Records from a collection
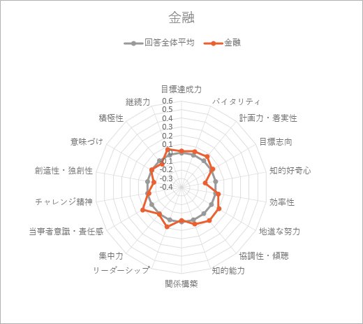 金融では際立った差は見られませんでした。しかしこれは強みがないというより、多様な資質を持つ学生が幅広く採用されている結果と解釈できます。金銭を扱うという性質上、計画性や慎重さが求められると同時に、組織を率いるリーダーシップも必要とされるため、平均的に見える裏側には「幅広いタイプの人材を受け入れる業界特性」があるといえるでしょう。(図6)
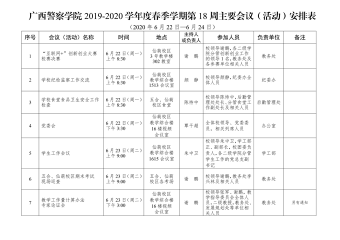 学校第18周主要会议(活动)安排(2020.6.22.-6.24.)
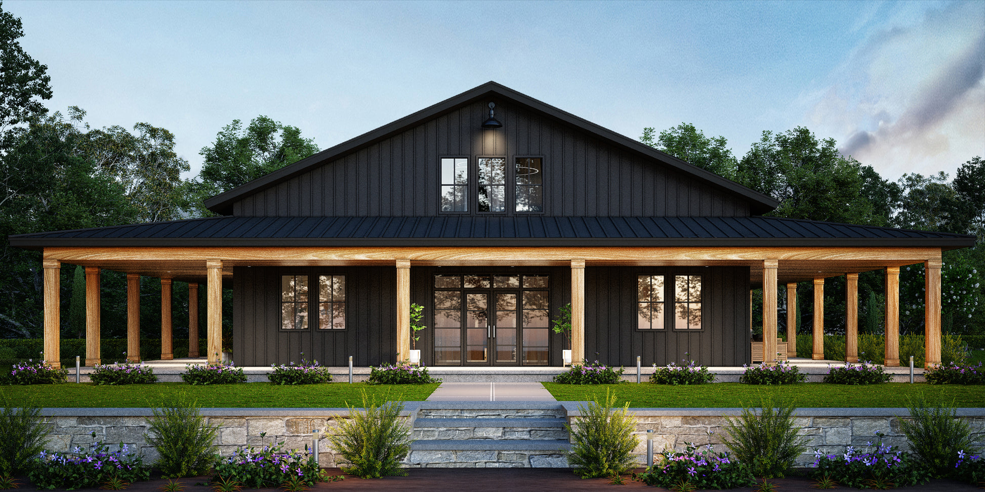 This 3-bedroom, 2.5-bath barndominium plan combines modern comfort with timeless farmhouse charm. A beautiful wraparound porch welcomes you home and provides the perfect space for relaxing outdoors. Large glass entry doors fill the open living and dining area with natural light, creating a warm and inviting atmosphere.
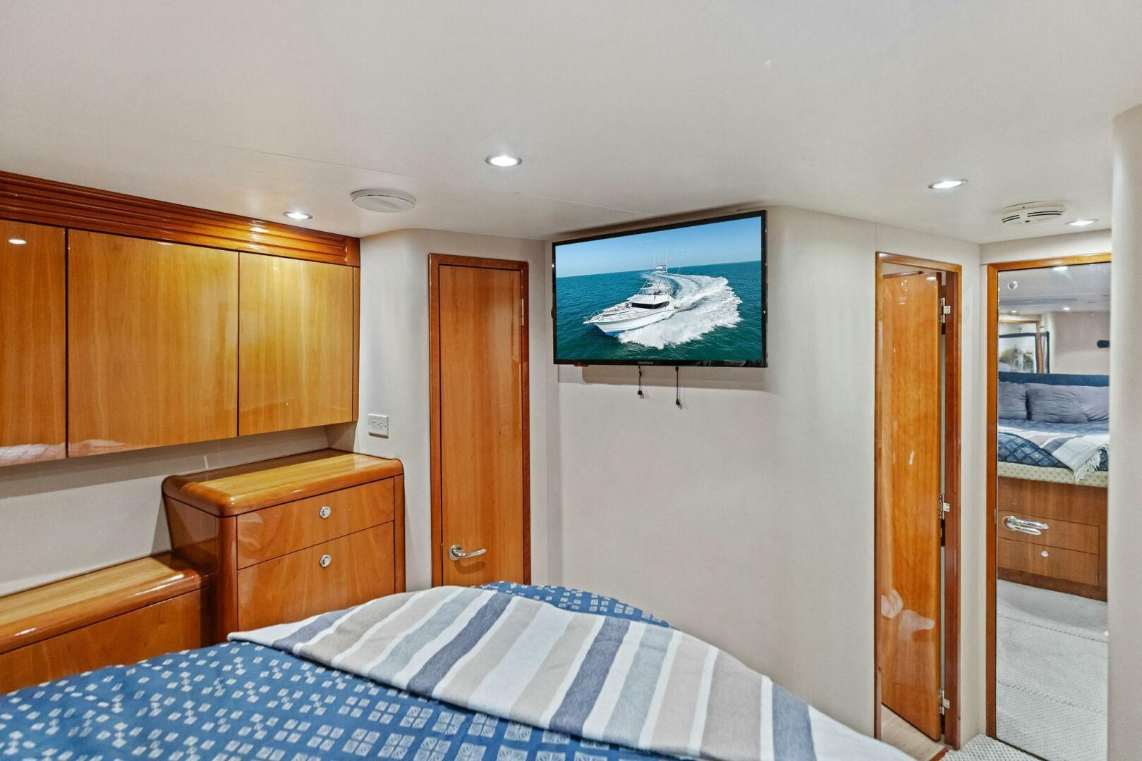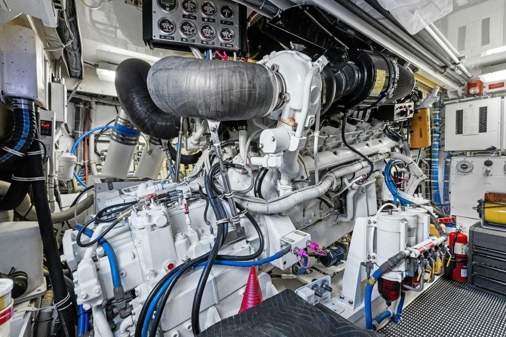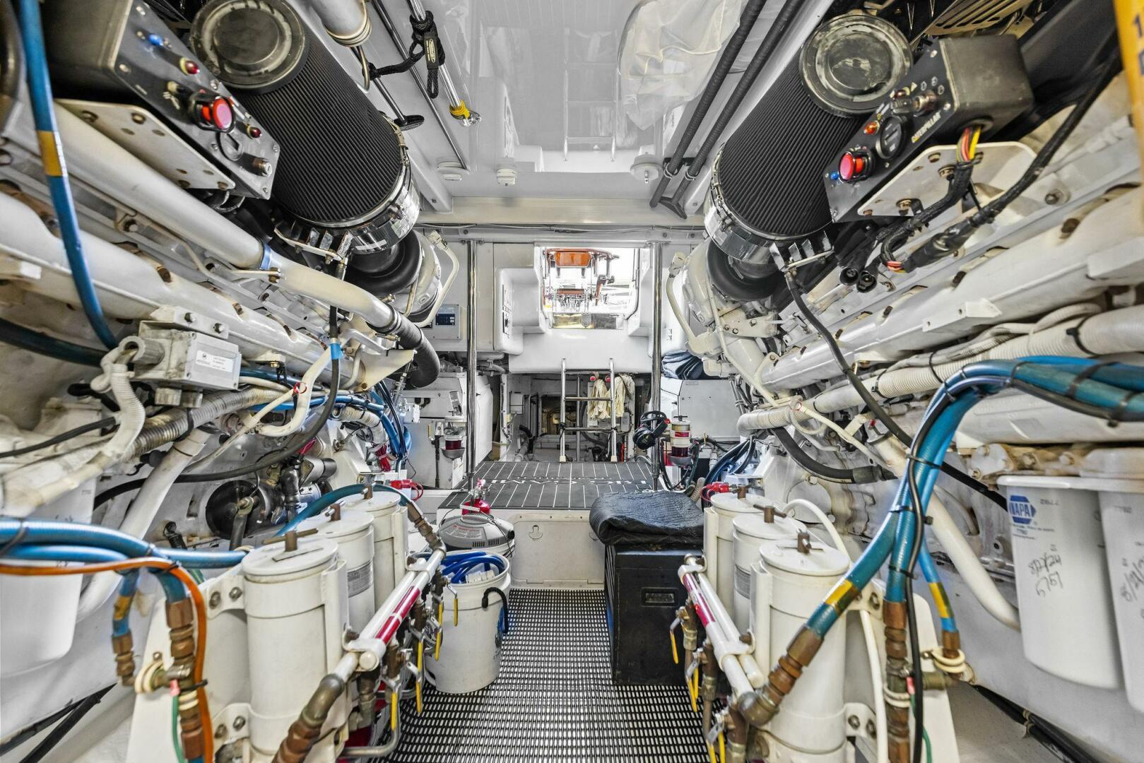 The Hatteras 68 Convertible sports a 192-square-foot cockpit that includes a mezzanine deck for superior seating and amenities. The mezzanine houses double- size bait freezer, insulated storage tubs, tackle drawers, insulated drink storage and more. The mezzanine is designed in modular fashion, which allows each owner to customize the location of various components such as freezer, ice box or optional baitwell. Below the cockpit deck is a large, open lazarette accessible through the engine room hatch. The compartment provides an excellent location for equipment and gear storage, while an aft isolation bulkhead with door allows easy inspection of steering components. The engine room contains no space-stealing air boxes on the hull sides or air-induction vents on the exterior. That's because the 68 features a forced ventilation system that draws air from beneath the cockpit coaming.
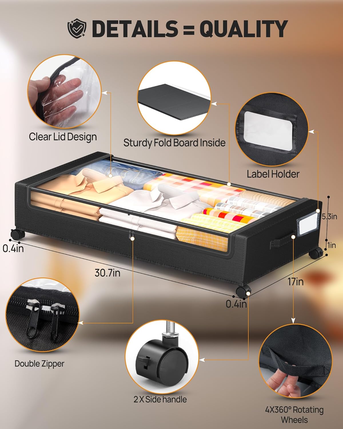 - 【At-a-glance design】Our rolling under the bed storage come with a clear window and label design that allows you to easily and quickly identify the contents of the bin. Say goodbye to the hassle of misplacing items. Plus, your pets will never make a mess under the bed again. With a double zipper design and high-quality materials, the under bed storage bins is completely protected from dust, moisture and dirt, ensuring that your items are clean and dust-free, and saying goodbye to clutter!
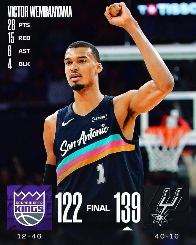 常规赛,马刺主场139-122战胜国王。
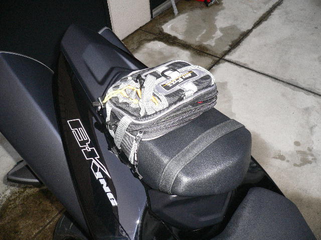 あ、それと深夜走りに行ったとき、タンデムシートに小型のウエストバッグを着けてみました。
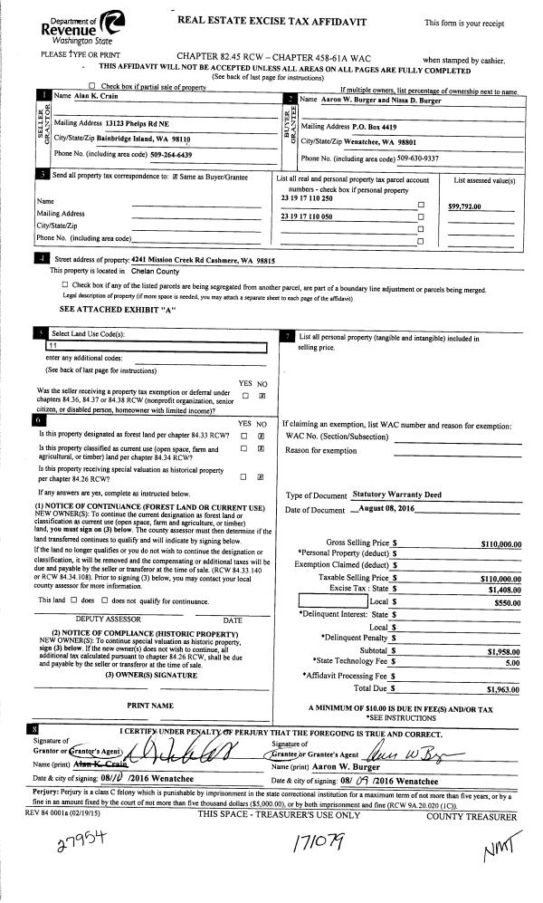 1 | 08/11/2016 | SWD | Statutory Warranty Deed | CRAIN ALAN K | BURGER AARON W & NISSA D | | | $110,000.00 | 171079 | 2441990 |
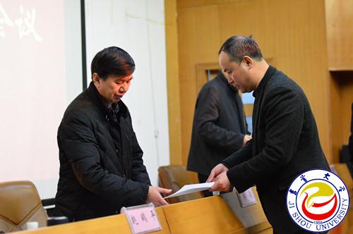 图为各单位向白晋湘校长递交责任书 孙立青摄
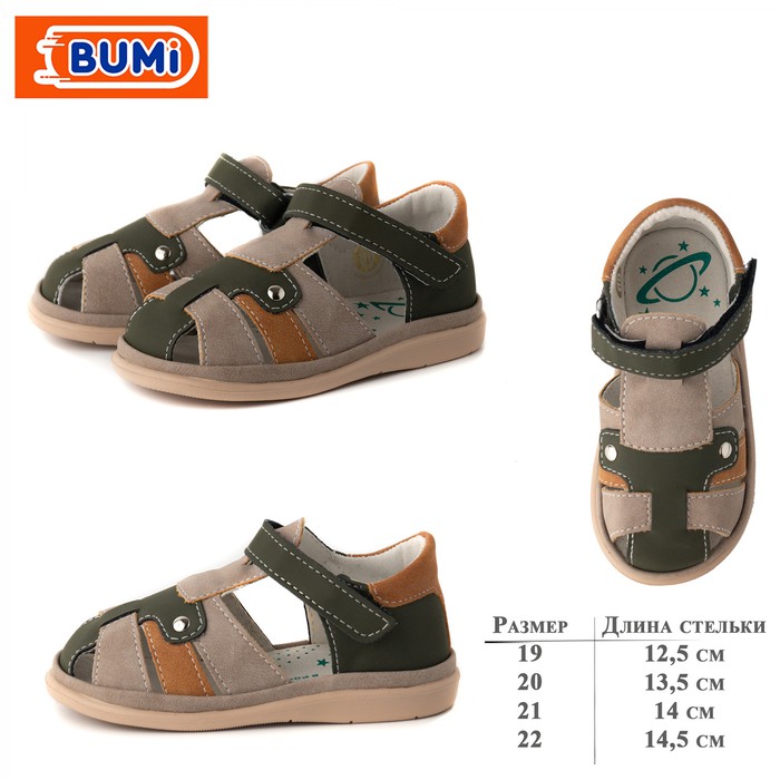 Сандали Bumi на липучке выполнены из натуральной и искусственной кожи.
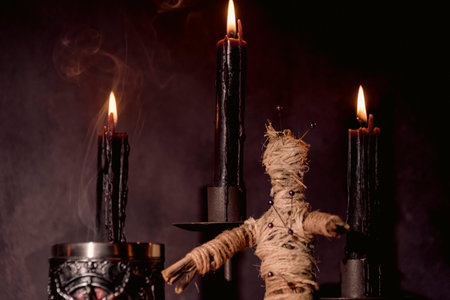 Scary voodoo doll with black candles. Mystic background with ritual esoteric objects, occult and halloween concept.
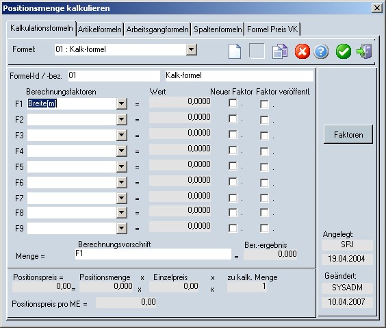 In dieses Feld wird die (mathematische) Berechnungsvorschrift zur Ermittlung der Menge eingetragen. Dabei können die 9 Berechnungsfaktoren verwendet werden (F1, .., F9) sowie Zahlenwerte. Die Faktoren müssen durch mathematische Operationen miteinander verknüpft werden. Dabei sind alle gängigen Operationen bis hin zu Potenzfunktionen und trigonometrischen Berechnungen möglich. Bei der Berechnung der Menge wird die Berechnungsvorschrift geprüft. Wenn ungültige Zeichen festgestellt werden, wird das Berechnungsergebnis stets Null sein.
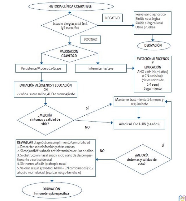 La derivación a atención hospitalaria se realizará en los casos no controlados (se debería reevaluar el diagnóstico), cuando se considere la indicación de inmunoterapia específica o con organicidad o comorbilidad asociada (otitis medias de repetición, poliposis nasal, desviación tabique nasal, hipertrofia adenoidea, síndrome de alergia oral o alergia alimentaria asociada…).

DIRECTIONS
Pictures are to be left out, and the lines from the beginning of the records through the line with "学校第18周主要会议(活动)安排(2020.6.22.-6.24.)" are to be printed exactly, with nothing added.

ANSWER SECTION
 金融では際立った差は見られませんでした。しかしこれは強みがないというより、多様な資質を持つ学生が幅広く採用されている結果と解釈できます。金銭を扱うという性質上、計画性や慎重さが求められると同時に、組織を率いるリーダーシップも必要とされるため、平均的に見える裏側には「幅広いタイプの人材を受け入れる業界特性」があるといえるでしょう。(図6)
 学校第18周主要会议(活动)安排(2020.6.22.-6.24.)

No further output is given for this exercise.